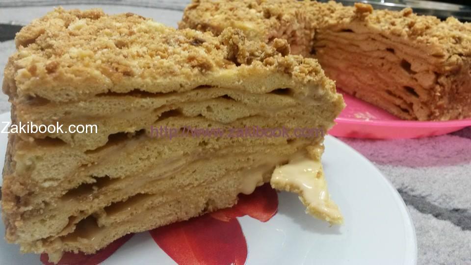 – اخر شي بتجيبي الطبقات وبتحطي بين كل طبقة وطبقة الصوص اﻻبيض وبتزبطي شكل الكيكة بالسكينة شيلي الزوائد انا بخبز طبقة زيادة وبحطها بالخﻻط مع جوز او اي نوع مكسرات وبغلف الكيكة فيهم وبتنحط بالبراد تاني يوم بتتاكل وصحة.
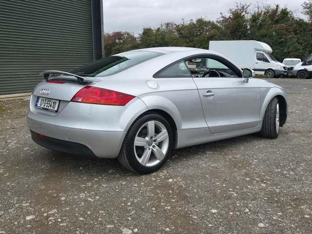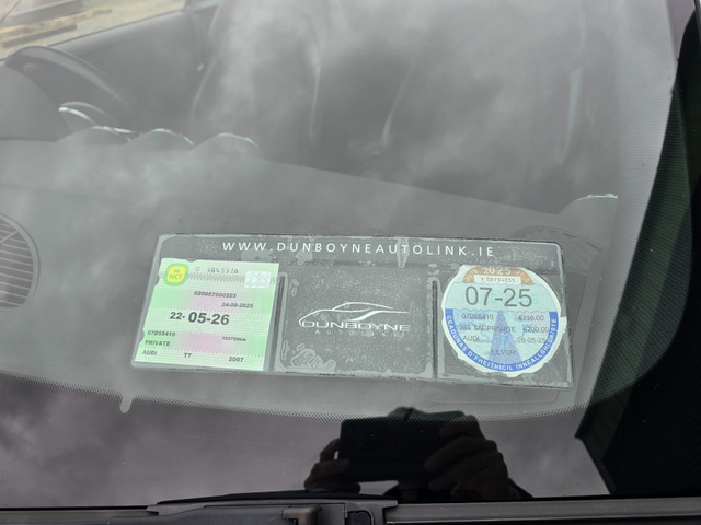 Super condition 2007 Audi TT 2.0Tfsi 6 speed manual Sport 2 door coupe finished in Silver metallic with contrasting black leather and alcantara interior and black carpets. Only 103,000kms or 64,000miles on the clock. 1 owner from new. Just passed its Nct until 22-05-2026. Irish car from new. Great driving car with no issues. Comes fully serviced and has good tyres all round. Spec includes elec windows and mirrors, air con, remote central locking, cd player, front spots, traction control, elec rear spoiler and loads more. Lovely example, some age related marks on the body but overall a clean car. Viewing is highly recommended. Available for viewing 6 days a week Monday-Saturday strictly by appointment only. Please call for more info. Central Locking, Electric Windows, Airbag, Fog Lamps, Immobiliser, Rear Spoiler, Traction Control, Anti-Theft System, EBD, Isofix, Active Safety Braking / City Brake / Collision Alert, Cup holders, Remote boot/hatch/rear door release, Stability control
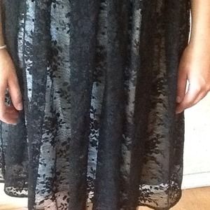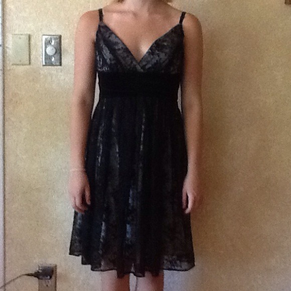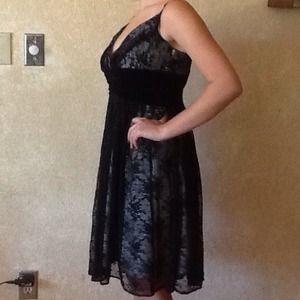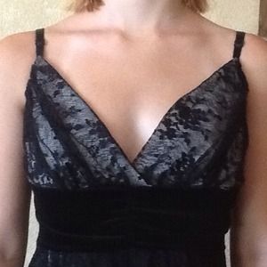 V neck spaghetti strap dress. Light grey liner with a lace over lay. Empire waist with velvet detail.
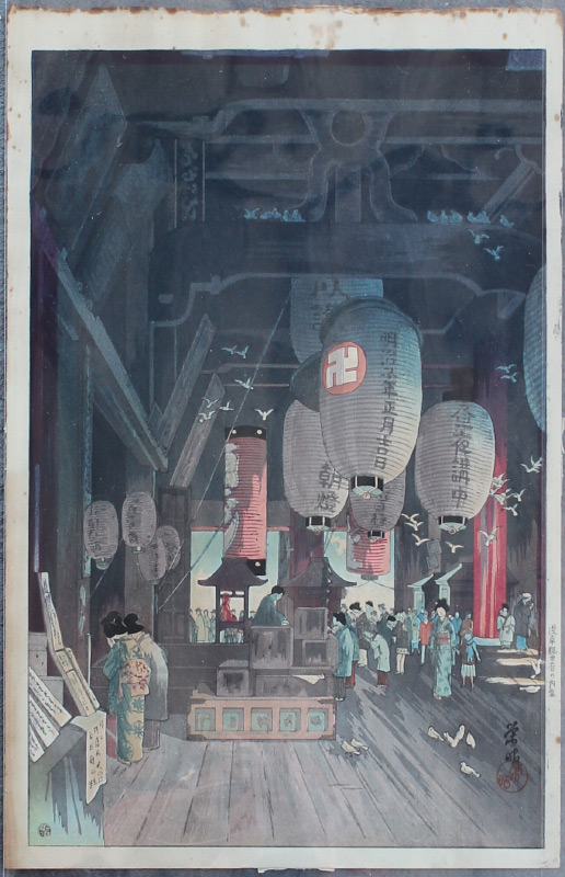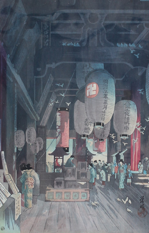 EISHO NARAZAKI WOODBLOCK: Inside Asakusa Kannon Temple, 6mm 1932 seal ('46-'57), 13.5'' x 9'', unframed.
* * *
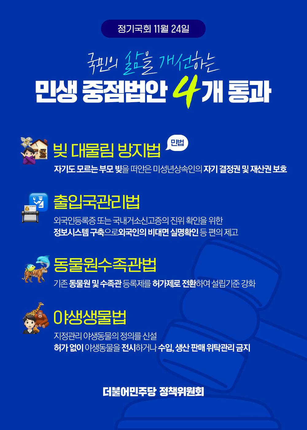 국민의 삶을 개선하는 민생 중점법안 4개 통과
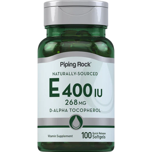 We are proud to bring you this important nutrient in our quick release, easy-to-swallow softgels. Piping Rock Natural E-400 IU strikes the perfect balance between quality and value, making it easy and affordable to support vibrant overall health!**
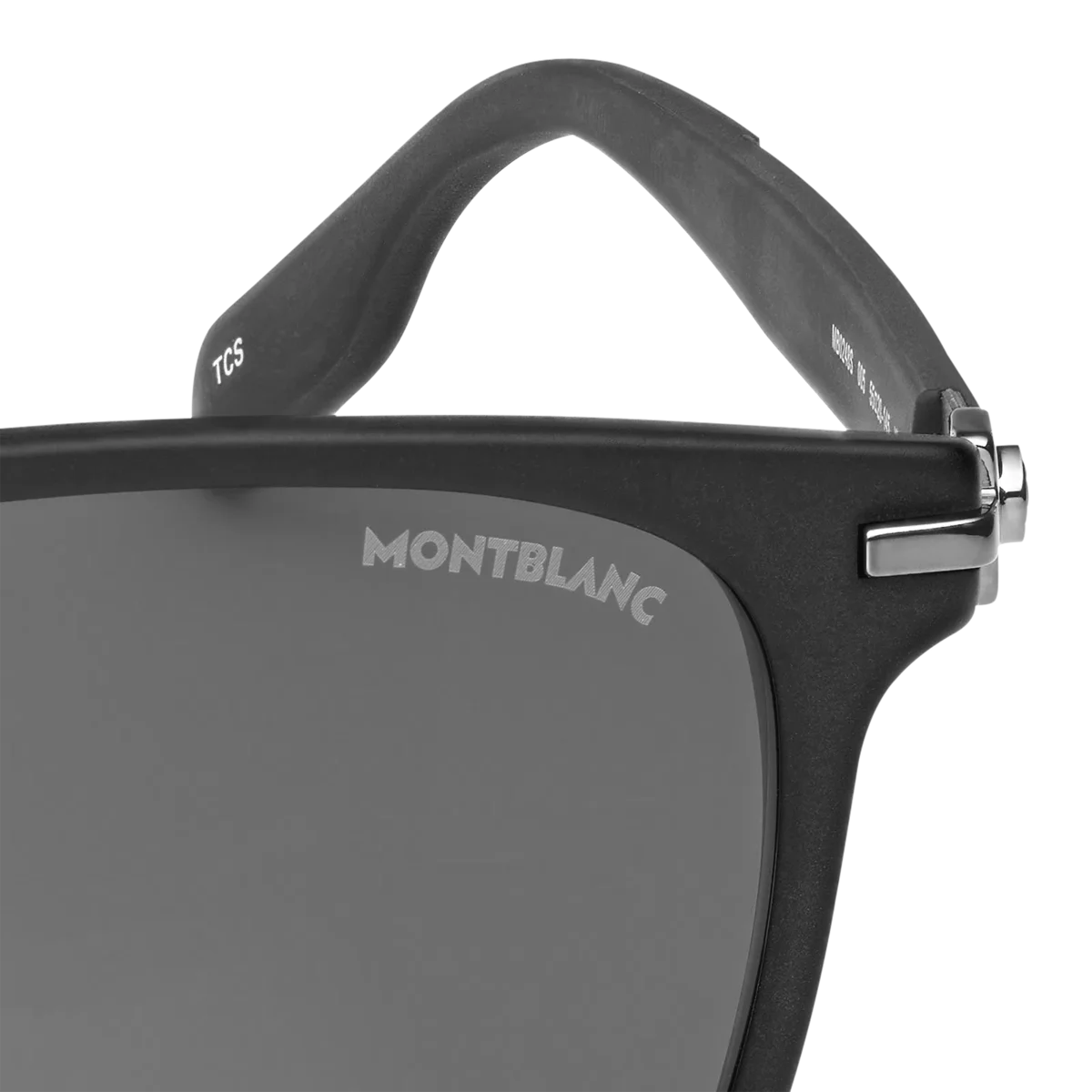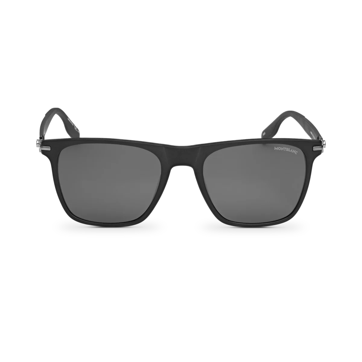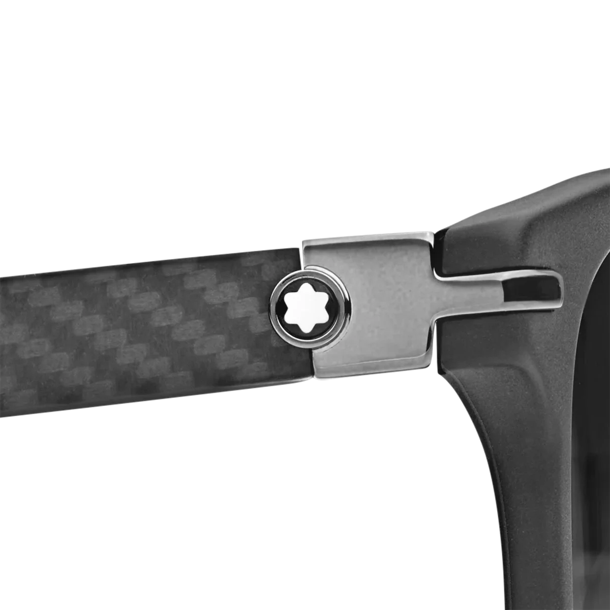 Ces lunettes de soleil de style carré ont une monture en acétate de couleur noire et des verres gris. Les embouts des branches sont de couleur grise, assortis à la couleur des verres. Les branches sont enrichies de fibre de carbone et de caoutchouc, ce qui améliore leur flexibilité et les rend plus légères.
--
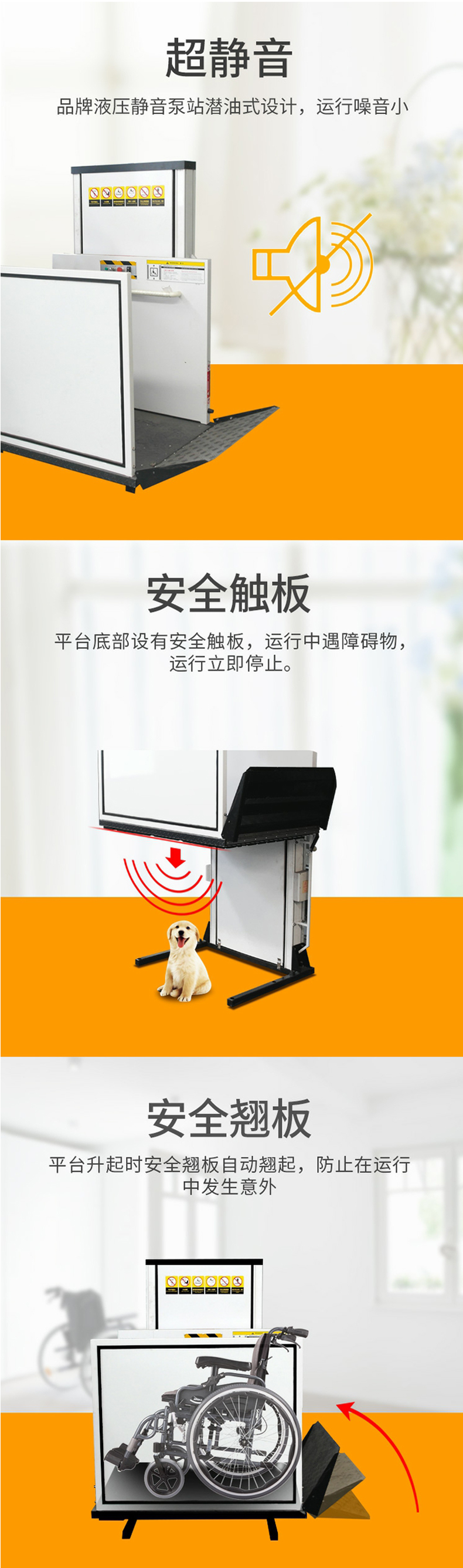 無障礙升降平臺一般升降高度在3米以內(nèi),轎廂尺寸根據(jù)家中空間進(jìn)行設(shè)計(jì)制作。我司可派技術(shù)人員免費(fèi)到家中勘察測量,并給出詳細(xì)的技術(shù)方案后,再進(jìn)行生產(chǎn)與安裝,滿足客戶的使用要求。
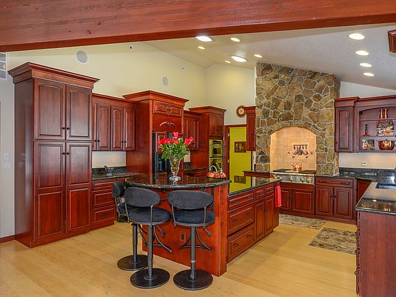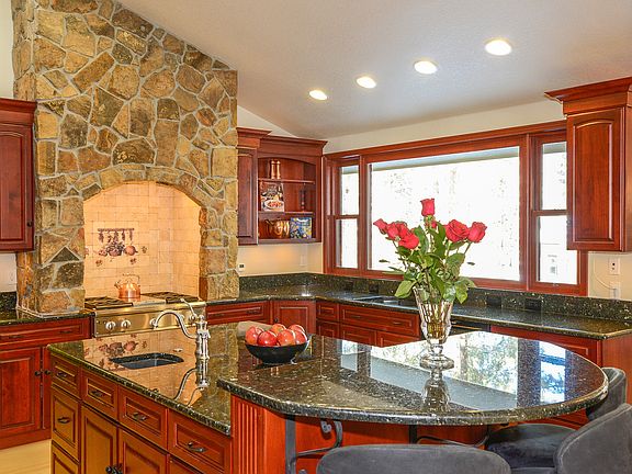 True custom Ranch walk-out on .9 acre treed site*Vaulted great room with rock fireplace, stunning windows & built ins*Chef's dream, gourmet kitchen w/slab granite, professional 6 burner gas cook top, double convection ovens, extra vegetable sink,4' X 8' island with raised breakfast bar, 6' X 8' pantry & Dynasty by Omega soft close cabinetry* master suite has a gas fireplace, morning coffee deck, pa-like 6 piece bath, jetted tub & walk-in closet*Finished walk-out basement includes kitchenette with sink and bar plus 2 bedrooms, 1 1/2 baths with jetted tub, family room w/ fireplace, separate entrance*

-- Problem requirements --
Without the pictures, set down the lines above from the line with "국민의 삶을 개선하는 민생 중점법안 4개 통과" up to and including the line with "We are proud" exactly as they stand.

-- Written answer --
 국민의 삶을 개선하는 민생 중점법안 4개 통과
 We are proud to bring you this important nutrient in our quick release, easy-to-swallow softgels. Piping Rock Natural E-400 IU strikes the perfect balance between quality and value, making it easy and affordable to support vibrant overall health!**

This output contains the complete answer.